In a press release, the Chief Minister's Office (CMO) said that the Chief Minister had ordered government employees to raise public awareness about the sickness and remain in their respective areas of duty in order to provide individuals with immediate help.

What are the causes?

Infectious illness in cattle and buffalo caused by the capripox virus, often known as lumpy skin disease (LSD). Some types of flies, mosquitoes, and ticks are responsible for its spread. In animals that have never been exposed to the virus before, it may induce a high temperature, skin nodules, and ultimately death.

What increases the risk?

The condition known as Lumpy Skin Disease cannot be cured. Once vectors (fly, etc.) are in a region, it is difficult to prevent further attacks on cattle. By engaging in risky behaviours, people increase the likelihood that an illness may spread. In addition, the absence of a vaccination may pose an additional threat.

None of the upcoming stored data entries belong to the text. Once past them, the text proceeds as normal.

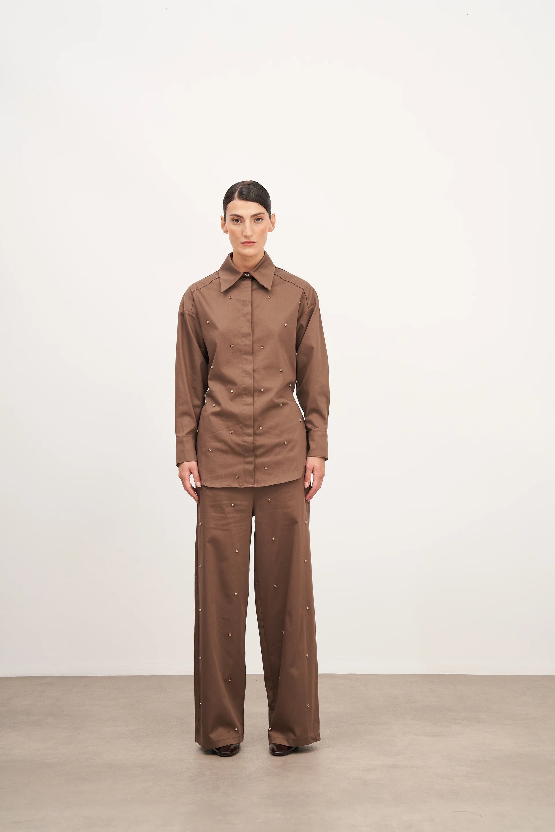 Kahverengi Taş İşlemeli Bağlama Detaylı Pamuk Gömlek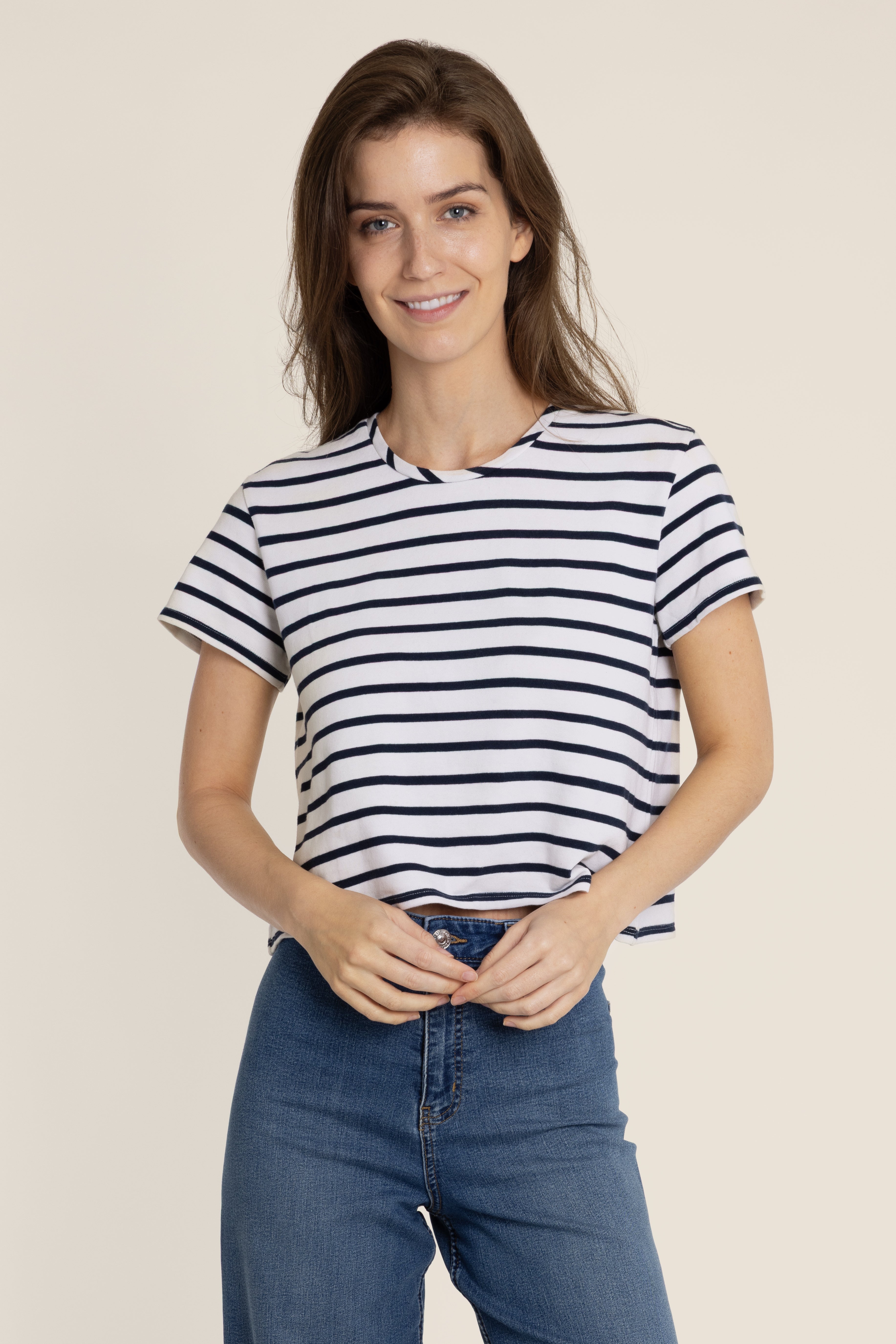 Elevate your casual style with our classic cream and navy blue striped women's t-shirt. Crafted from high-quality deadstock fabric, this t-shirt not only looks good but also contributes to reducing fashion waste. This t-shirt is a versatile wardrobe essential that effortlessly transitions from day to night. The high-quality fabric ensures a soft and comfortable feel against your skin. Pair it with your favourite jeans or a high-waisted skirt for an effortlessly chic look.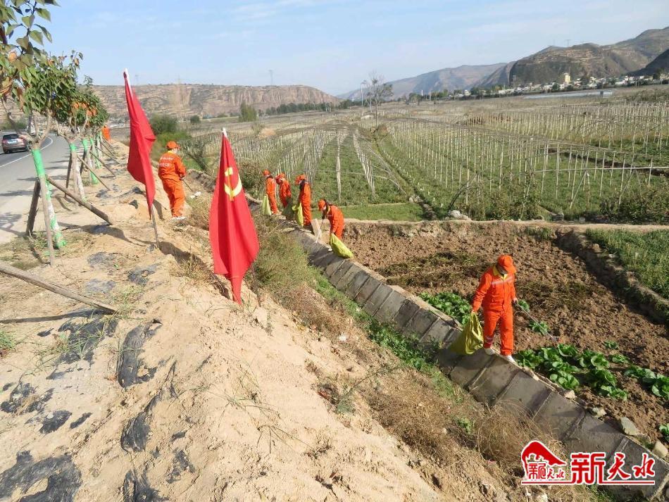 新天水讯 10月17日,甘谷公路段组织全段职工在国道310线开展“全域无垃圾整治月”劳动竞赛活动。

How can we prevent the spread?

The prevention and treatment of lumpy skin disease requires four strategies: movement restriction (quarantine), vaccination, slaughter campaigns, and management. The immunization against lumpy skin disease has already been administered to at least 97 million people. Out of them, almost 80,000 cattle were able to beat the virus. In 1962, a free hotline was set up to help dairy producers and cattle herders deal with the virus.

Can the diseases affect humans?

In other words, the illness cannot be transmitted from animals to humans, meaning that people are immune to it. Therefore, this increase in cases may not warrant much concern beyond its influence on cattle products.

In September 2020, soon before the current outbreak, a strain of LSD virus was discovered in Maharashtra, India. Cases have been reported in Gujarat over the last several years, but they haven't spread there quite as rapidly as they have elsewhere.